Palestinians march past a tent city toward the border with Israel east of Gaza City in the Gaza Strip on March 30, 2018. (Mahmud Hams/AFP)

On Friday, over 30,000 Palestinians demonstrated along the Gaza border, in what Israel describes as a riot orchestrated by the Hamas terrorist group, which rules Gaza, and what Palestinians say was supposed to be a peaceful protest.

There were discrepancies in Palestinian reports on the Gaza death toll from Friday. While Hamas claimed Monday that 18 had died, the official news agency of the Palestinian Authority had the number at 16. Israel has no official death toll figures.

IDF Spokesman Brig. Gen. Ronen Manelis said on Saturday that all those killed were engaged in violence. Manelis said on Friday evening that the army had faced “a violent, terrorist demonstration at six points” along the fence. He said the IDF used “pinpoint fire” wherever there were attempts to breach or damage the security fence.

The Shin Bet and IDF accused the Iran-backed Islamic Jihad of taking advantage of the “civilian comforts” granted by Israel to the residents of Gaza, specifically fishing rights, in order to “advance terror attacks.”

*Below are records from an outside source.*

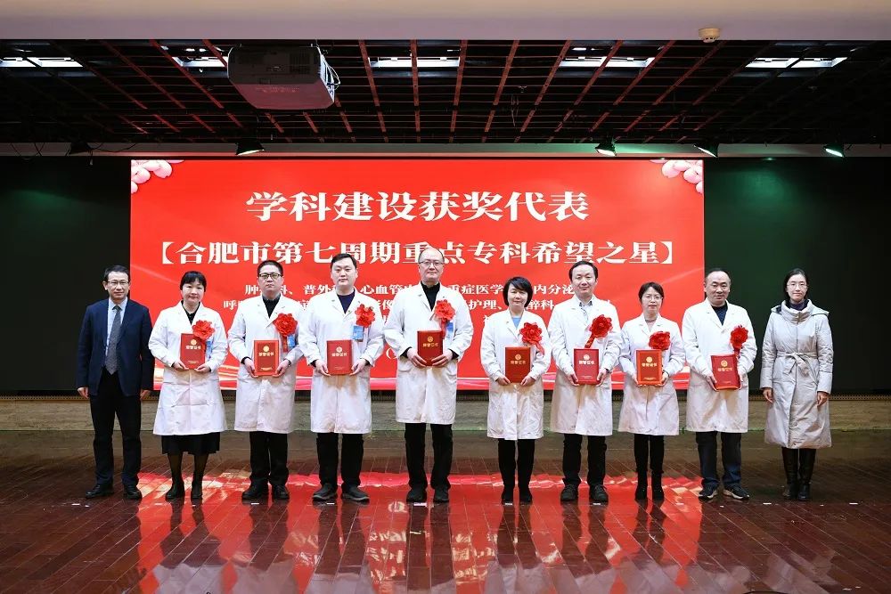 安徽医科大学副校长余永强,抗炎免疫药物教育部重点实验室主任魏伟教授,市卫健委医政医管处处长杨硕受邀出席大会。全体院领导班子,科主任、护士长、支部书记、行政中层和获奖代表参加会议,大会由副院长汪庆童主持。
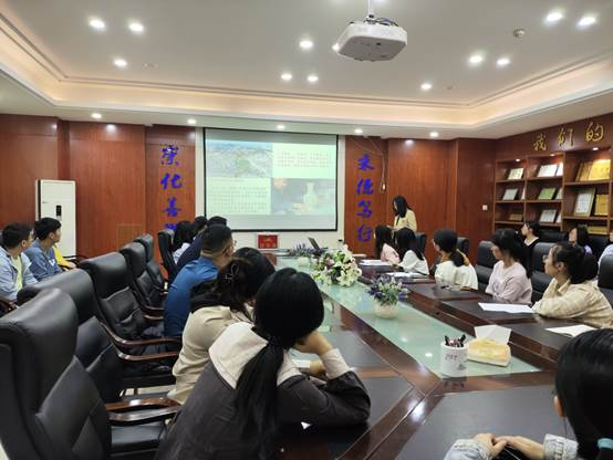 图 1 支部副书记胡研为大家讲解习近平总书记江西考察调研内容
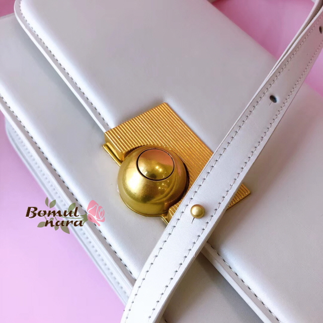 구체 형태의 골드메탈 잠금장치가 돋보이는 보테가
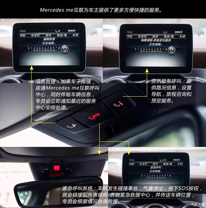 当时挨个按了Mercedes me互联功能的按钮,服务专员的态度非常好,耐心帮我解释了三个按钮的功能。我也测试了SOS,没有拨通的时候我觉得过分就挂断了(长按红钮就是挂断),但是后来服务专员又回拨回来问我是不是发安生了什么事情,这服务我给点赞Mercedes me互联功能为车主提供了更多更方便快捷的服务,咨询服务呼叫可以提供路况信息,帮助车主设置导航,旅程的咨询和酒店预订服务;车子抛锚了就联系道路救援,系统会同时传输车辆信息到呼叫中心;车辆发生碰撞,按下SOS按钮,会连接到梅赛德斯-奔驰急救援中心,并传输车辆位置,专员会根据情况协调救援。
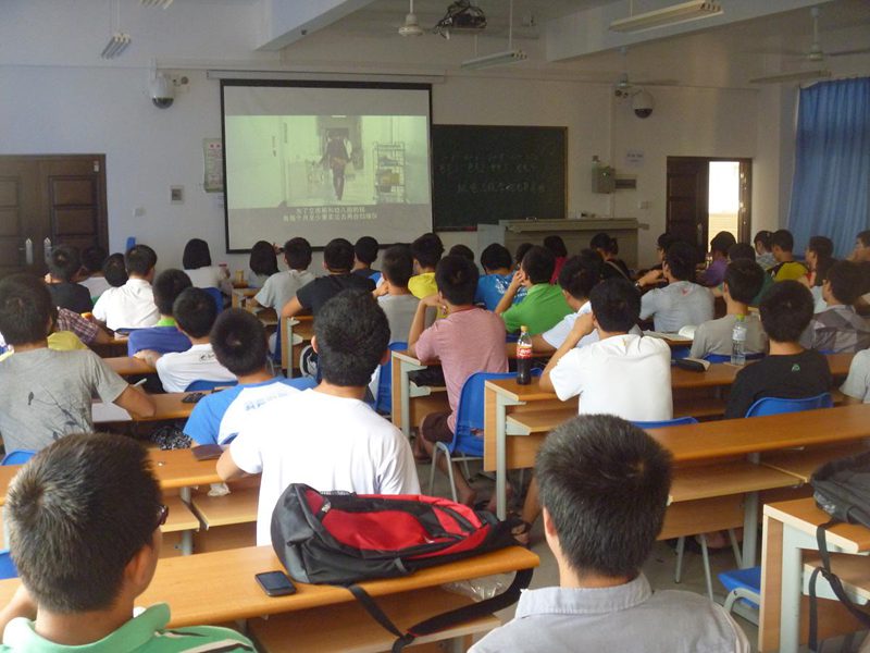 早上8:50,同学们都已经赶到教室,并热议着即将要播放的电影,期待电影。心理工作部在9:00点准时播放提前选好的两部影片《当幸福来敲门》和《面对巨人》。当影片播放的时候,每个同学都聚精会神专心观看,还时不时交流着电影的内容和感想,谈论着对电影的看法。影片在11:00结束,同学们还意犹未尽,期待今后能够推荐更多心理励志影片,跟着电影一起成长。
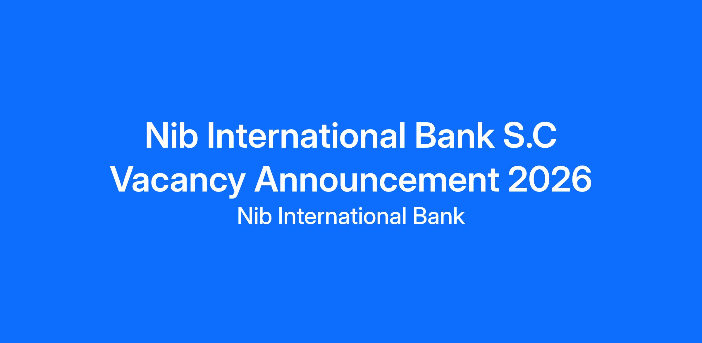 Nib International Bank S.C Vacancy Announcement 2026

In addition to the planned naval attack, the Palestinian Islamic Jihad has already carried out at least two other acts of revenge on Israel for destroying its tunnel on October 30.

One month later, the group fired a barrage of mortar shells at an army position northeast of the Gaza Strip, causing damage but no injury. In December, the group also fired mortar shells at southern Israel in order to disrupt an event honoring an IDF soldier who was killed in the 2014 Gaza war and whose remains are currently being held by the Hamas terrorist group.